Problem details: Without any of the pictures, print every record below exactly.

● ● ● ● ●

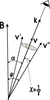 Figure 1: k is the emission direction, B the magnetic field line, v, v' and v'' are the electron velocity vectors. |
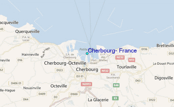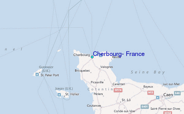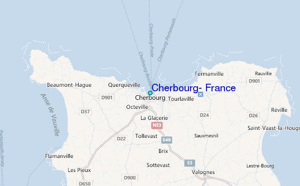 Use this relief map to navigate to tide stations, surf breaks and cities that are in the area of Cherbourg, France.
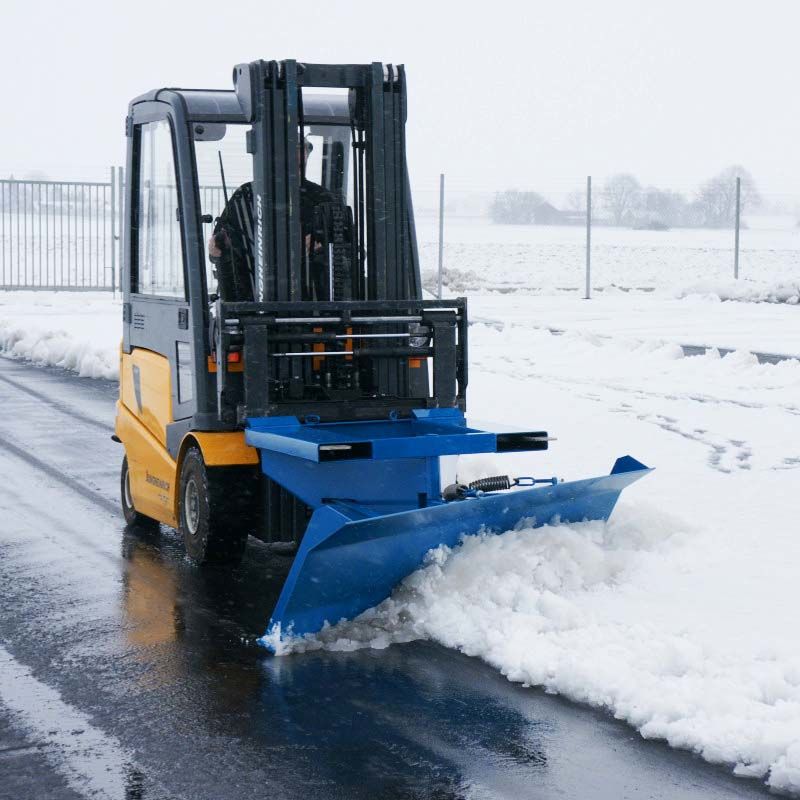Gaffeltunnlarna är placerade över plogen för att sprida trycket så att inte hela belastningen ligger på truckstativet. Truckplogen är ställbar mellan höger och vänster avlägg och är dessutom kraftigt fjädrande för säker hantering.
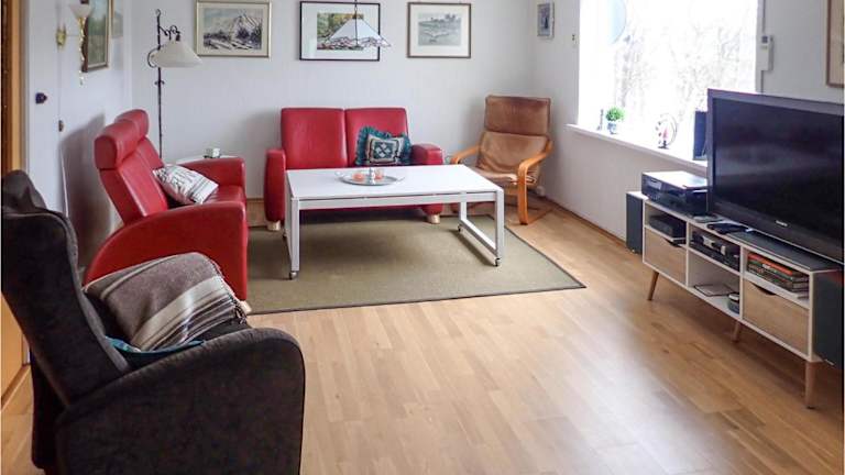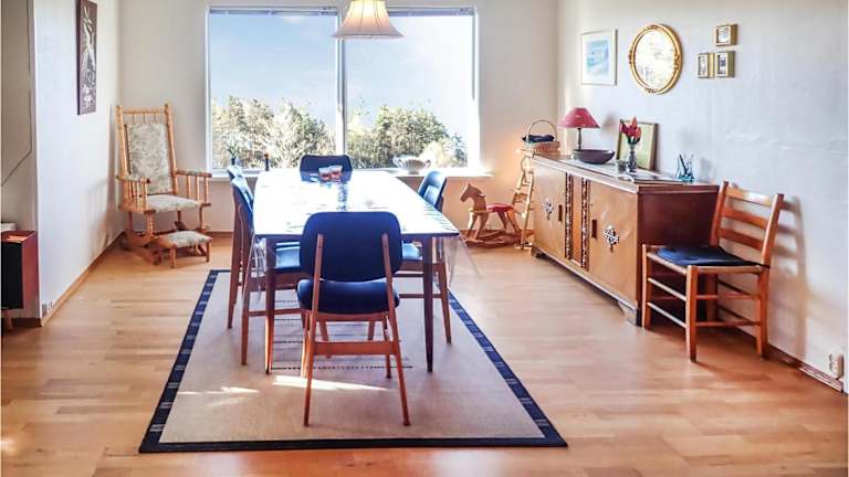 Das Ferienhaus verfügt über vier Schlafzimmer und ein Badezimmer mit Dusche. Zur Ausstattung gehören auch ein Essbereich und ein Wohnzimmer.
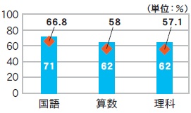 小学校は約4p程度全国平均を上回っており、中学校では全国平均同等の結果となっております。
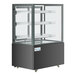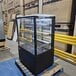 Display your signature cakes, pies, cookies, and muffins with ease using this Avantco 35 3/8" black square dry bakery display case with LED lighting! This floor unit is made to allow you to place your baked goods in a convenient location where they can merchandise themselves to hungry customers. Whether you are looking for a bakery case to place at the front of your coffee shop near your point of sale or a case to set up in your diner where the customers can see your dessert selection while they eat, this unit is a great option.

● ● ● ● ●

Written solution:
 Figure 1: k is the emission direction, B the magnetic field line, v, v' and v'' are the electron velocity vectors. |
 Use this relief map to navigate to tide stations, surf breaks and cities that are in the area of Cherbourg, France.
Gaffeltunnlarna är placerade över plogen för att sprida trycket så att inte hela belastningen ligger på truckstativet. Truckplogen är ställbar mellan höger och vänster avlägg och är dessutom kraftigt fjädrande för säker hantering.
 Das Ferienhaus verfügt über vier Schlafzimmer und ein Badezimmer mit Dusche. Zur Ausstattung gehören auch ein Essbereich und ein Wohnzimmer.
 小学校は約4p程度全国平均を上回っており、中学校では全国平均同等の結果となっております。
 Display your signature cakes, pies, cookies, and muffins with ease using this Avantco 35 3/8" black square dry bakery display case with LED lighting! This floor unit is made to allow you to place your baked goods in a convenient location where they can merchandise themselves to hungry customers. Whether you are looking for a bakery case to place at the front of your coffee shop near your point of sale or a case to set up in your diner where the customers can see your dessert selection while they eat, this unit is a great option.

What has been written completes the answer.